Our manufacturers’ two-pillar strategy is also paying off in the USA. For example, US sales of light vehicles produced in NAFTA (USA, Canada and Mexico) increased by one third last year to 500,000 vehicles, while imports from Europe to the USA also rose. This means that the German automotive industry is also becoming more independent of currency fluctuations.
At the same time, this development underlines North America’s huge importance in the global production network and as an export hub. In all, German manufacturers in NAFTA built around 1.24 million light vehicles in 2012, a rise of 27 per cent over 2011. So more than one new car in seven built by German manufacturers abroad rolled off assembly lines in the NAFTA countries. The majority of them were destined for export; 40 per cent were sold in the USA. In the USA alone, the German manufacturers pushed up their 2012 production by over one third to 641,000 light vehicles. In addition last year, the German OEMs exported 19 per cent more cars from domestic assembly to the USA, totalling 625,000. The proportion of all German passenger car exports bound for the United States is 15 per cent, making it the second most important export partner for German car makers (after the UK). And in terms of value, exports to the USA actually take first place with the German OEMs (over 18 billion euro).

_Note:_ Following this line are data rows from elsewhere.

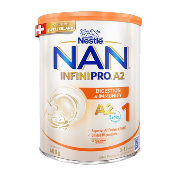 NAN Infinipro A2 Số 1 là sữa công thức dành cho trẻ từ 0 – 12 tháng tuổi. Sản phẩm có công thức dinh dưỡng hoàn chỉnh, phù hợp với trẻ sơ sinh bú bình hoặc trẻ bú bình phối hợp với sữa mẹ trong 6 tháng đầu đời; và trẻ trong giai đoạn tập ăn dặm từ 6 – 12 tháng, giúp bổ sung và cân bằng dinh dưỡng, là một phần trong chế độ ăn hằng ngày.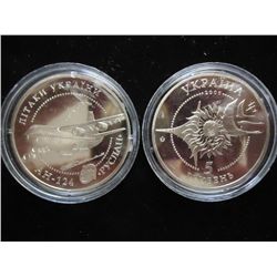 2-2005 UKRAINE HRYVEN AIRCRAFT COINS PROOF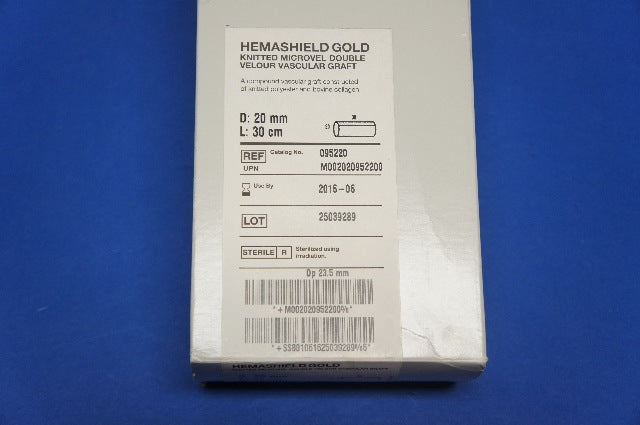Maquet 095220 Hemashield Gold Knitted Microvel Double Velour Vascular Graft 20mm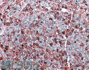 In paraffin embedded Human Spleen shows nuclear membrane and weaker cytoplasm staining in select splenocytes. Recommended concentration, 3-6µg/ml.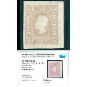 1858 Ausztria hírlapbélyeg barnáslila használatlan * – Ferchenbauer 1.300 EUR – Attest Goller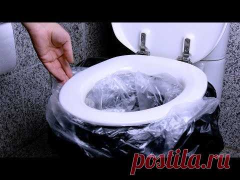 Кладем в унитаз 2 мешка для мусора. Это спасет в безвыходной ситуации!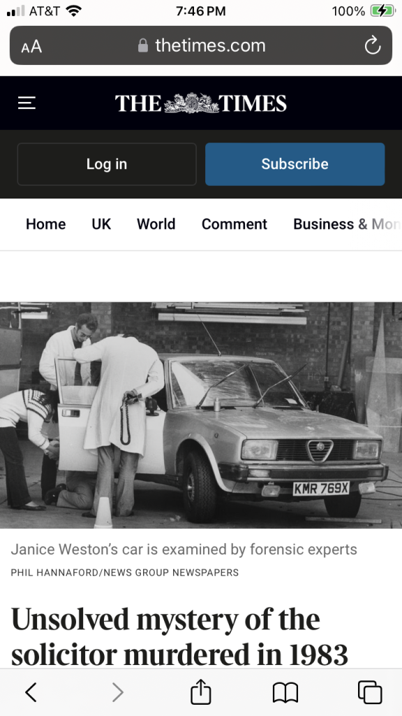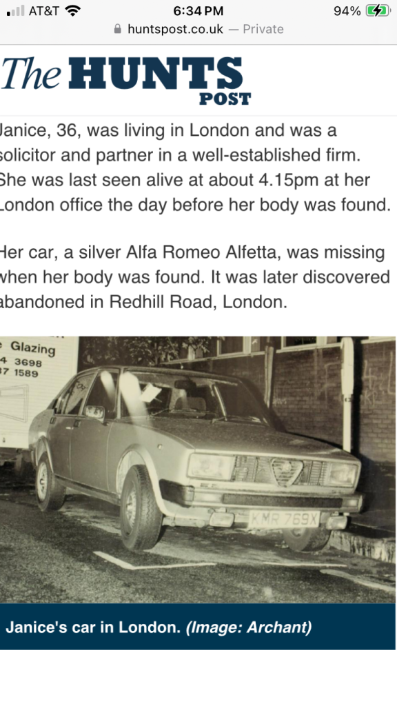 Just floating this theory. MOO obviously. Her husband arranges her murder whilst he's out of the country as a perfect alibi. He has the spare wheel tampered with so that it needs JW to have it repaired. He confects an issue with the rear nearside tyre necessitating the change and tells his wife to take the repaired spare to someone he knows locally late on Saturday to have it fitted at a location within the catchment of her flat, office and where her car was eventually found. She's not going far so leaves her handbag. She's then dispatched while the wheel is being changed, hence the blood evidence on the car. Her body is bundled into another vehicle and transported fast out of London, the quickest route from that catchment being the A1 north bound. Her body and the murder weapon are dumped at a suitable layby on the A1 in the dark where approaching vehicles could be avoided during the transfer. Her car is then moved later from the murder scene to a public location within the same catchment.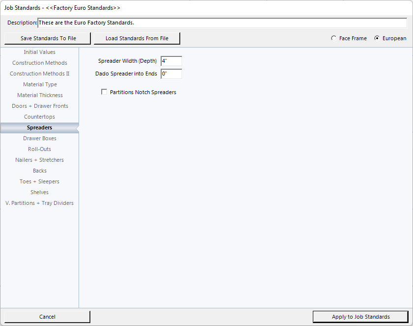 If you are using Euro construction for your cabinets, the standards for stiles and rails are replaced with a standards window for spreaders. In Cabinet Solutions, spreaders are horizontal pieces that are placed between the top drawer of a base cabinet and the doors below or between drawers.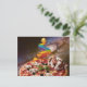 Cartoon Schlafende Kuh auf Pizza Postkarte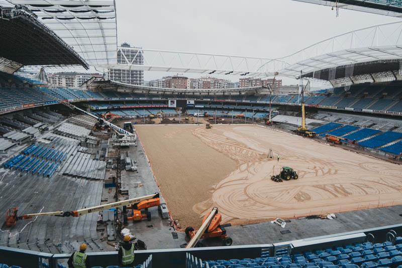 Los plazos se cumplen y el 15 de septiembre el campo, todavía a medias, albergará el partido entre la Real Sociedad y el Fútbol Club Barcelona. Habrá 28.000 plazas de las 42.000 que tendrá finalmente el estadio cuando culmine la remodelacion.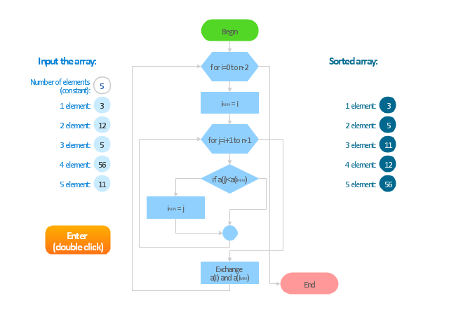 The algorithm flow chart example "Selection sorting method" was created using the ConceptDraw PRO diagramming and vector drawing software extended with the Flowcharts solution from the area "What is a Diagram" of ConceptDraw Solution Park.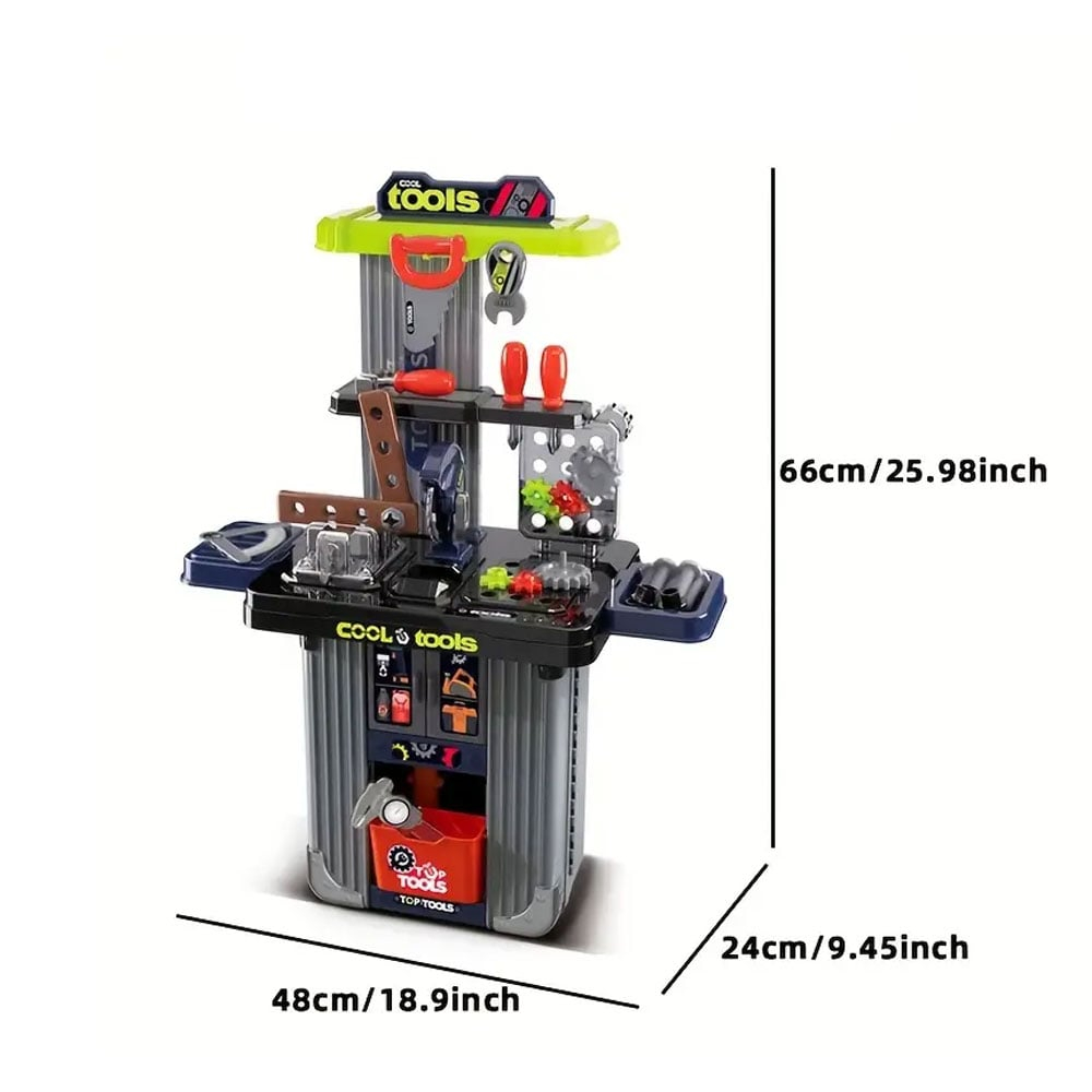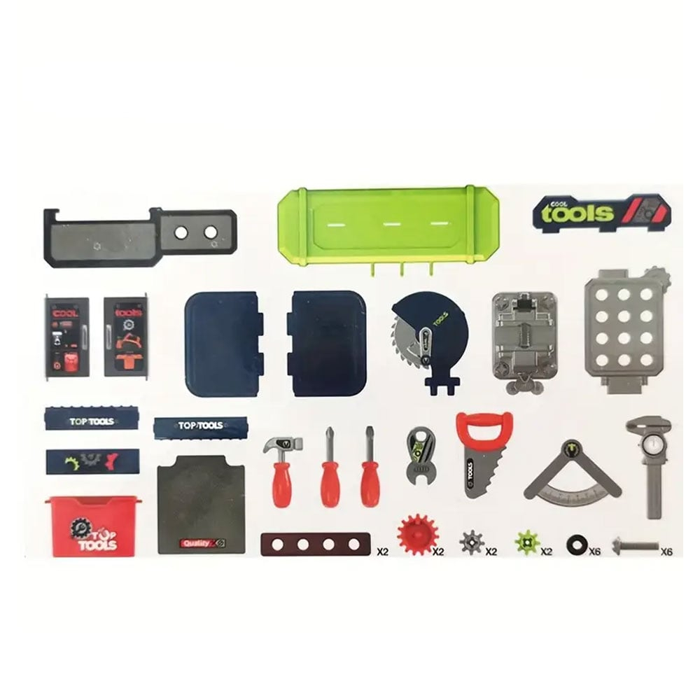 Banc de lucru jucarie Rovo 102A, cu unelte si accesorii, 42 piese

The German manufacturers employed around 31,200 people at their plants in the USA, which is 2,400 more than in the previous year. The total number of staff at the automotive manufacturers in the USA comes to roughly 172,700. This means that more than one job in six at automotive manufacturers in the USA is at a German automotive group. The number of employees at German supply companies in the USA climbed to 68,000 – this is one seventh of the entire workforce at suppliers in the United States. So in all, around 100,000 people are employed at German manufacturers and suppliers in the USA.
Situation remains difficult in Western Europe
Western Europe is currently in sombre mood. In 2012 the passenger car market shrank by 8 per cent to nearly 11.8 million new vehicles. The weakness in Western Europe – especially in Spain, Italy and France – is affecting above all manufacturers and their suppliers whose main sales markets are in Europe and who have little or no representation in the growth regions of the USA and China. Within the last five years, the Western European passenger car market has contracted by three million units. In the first quarter of 2013, there was still no improvement in sight and passenger car sales fell by 10 per cent to 2.9 million new vehicles. For the year 2013 as a whole we expect a slightly smaller decrease – i.e. a drop of 5 per cent to just over 11.1 million cars. Western Europe will therefore have a volume about three million units below its long-term average.

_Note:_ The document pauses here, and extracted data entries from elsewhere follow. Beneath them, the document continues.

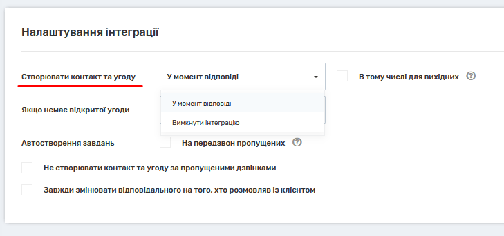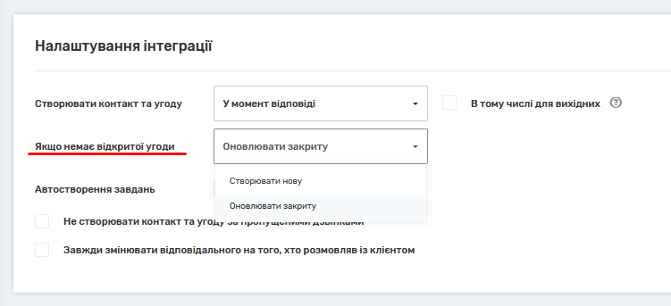 Створювати нову – якщо немає відкритої угоди, AmoCRM створює нову угоду і в неї записується дзвінок.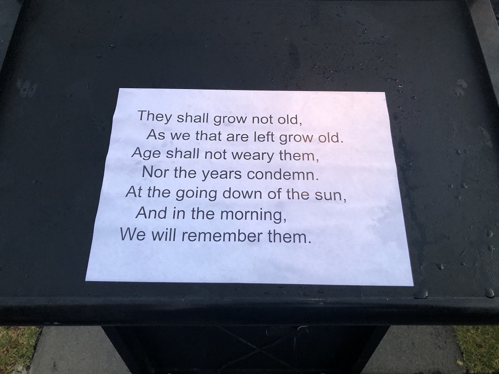 We found the Ode to the Fallen, taped to the lectern and read out at the ceremony. Fitting for us in that the author of those words was John McCrae, the Canadian – we wonder how many Aussies and Kiwis are aware of that.
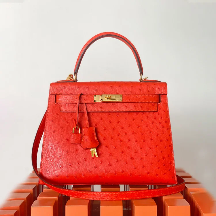 에르메스 켈리 28 셀리에 오스트리치 레드 골드 하드웨어 (100% HAND MADE)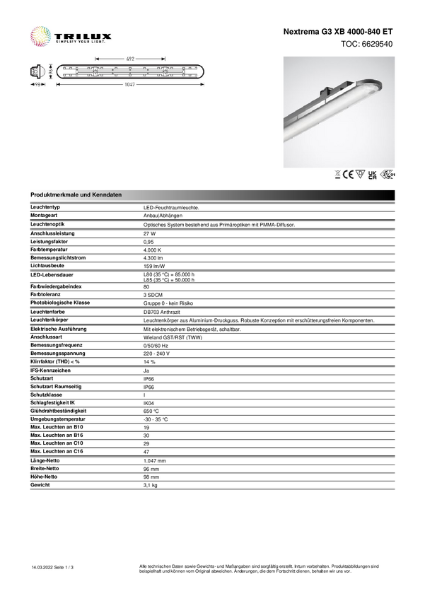 Trilux Nextrema G3 #6629540 Lampa LED do wilgotnych pomieszczeń LED 27 W biały antracytowy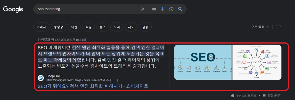 구글 스니펫(google snippet)이란, 구글 검색 결과 최상단에 상자 형태로 나타나는 확장된 검색 결과를 의미한다.

A rapid recovery similar to that seen on the US market in recent years will not occur in Western Europe. The process will need a lot more time because the euro zone debt crisis, which for quite a long time has had severe effects principally on France, Spain and Italy, can only be overcome with long-term structural measures: state finances have to be consolidated, debt has to be reduced, and at the same time growth potentials in the individual countries have to be stimulated. That is an enormous amount of work requiring politicians in particular to be very resolute.
The weakness in some neighbouring European states is definitely a cause for concern. We Germans need the French and the Italians to be strong, we need them economically, and we need them politically, in Brussels and for our European interests vis-à-vis competitors from Asia and North America.
The production structure within Europe is also changing. Around 862,000 cars were built in Slovakia in the past year (models from Audi, Seat, Skoda Volkswagen, Kia and PSA Peugeot Citroën) – which is more than twice as many as in Italy (around 400,000).
The 2013 forecasts for France (Consensus Forecasts, April 2013) assume that industrial production will fall (by 2.2 per cent) and unemployment will rise to 10.7 per cent. Private consumption may be expected to stagnate, and investments will go down slightly (by 1.6 per cent). These are not rosy prospects.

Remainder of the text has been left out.